Pictures are to be left out, and only the lines below starting at the one with "Business strategy linear" and ending at the one with "Este Cmap, tiene" are to be reproduced, each exactly, both ends included.

:: Records for this task ::
# # # # # # #
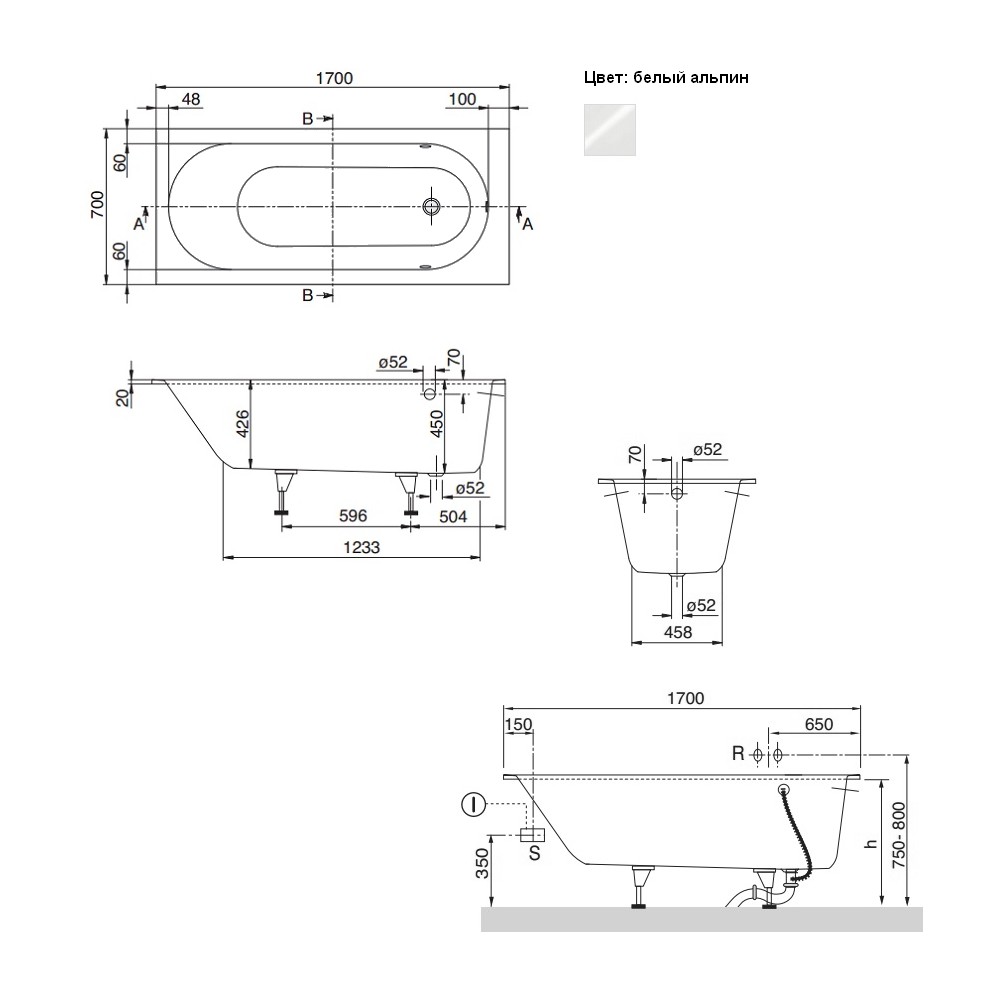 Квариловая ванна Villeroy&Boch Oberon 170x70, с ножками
# # # # # # #
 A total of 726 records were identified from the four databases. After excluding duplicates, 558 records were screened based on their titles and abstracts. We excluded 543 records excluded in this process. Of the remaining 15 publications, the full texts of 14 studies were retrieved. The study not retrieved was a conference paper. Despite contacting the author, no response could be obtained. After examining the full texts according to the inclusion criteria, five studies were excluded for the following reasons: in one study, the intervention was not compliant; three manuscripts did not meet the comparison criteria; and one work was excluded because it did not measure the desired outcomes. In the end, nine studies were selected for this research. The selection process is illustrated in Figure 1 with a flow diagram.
# # # # # # #
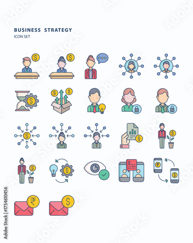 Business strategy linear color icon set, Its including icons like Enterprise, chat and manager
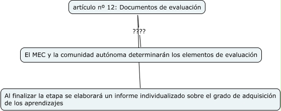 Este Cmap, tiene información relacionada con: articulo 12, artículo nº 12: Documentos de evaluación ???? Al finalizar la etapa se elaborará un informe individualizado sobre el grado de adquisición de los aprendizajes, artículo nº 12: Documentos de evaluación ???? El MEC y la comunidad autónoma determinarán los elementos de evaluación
# # # # # # #
:: Response to this task ::
 Business strategy linear color icon set, Its including icons like Enterprise, chat and manager
 Este Cmap, tiene información relacionada con: articulo 12, artículo nº 12: Documentos de evaluación ???? Al finalizar la etapa se elaborará un informe individualizado sobre el grado de adquisición de los aprendizajes, artículo nº 12: Documentos de evaluación ???? El MEC y la comunidad autónoma determinarán los elementos de evaluación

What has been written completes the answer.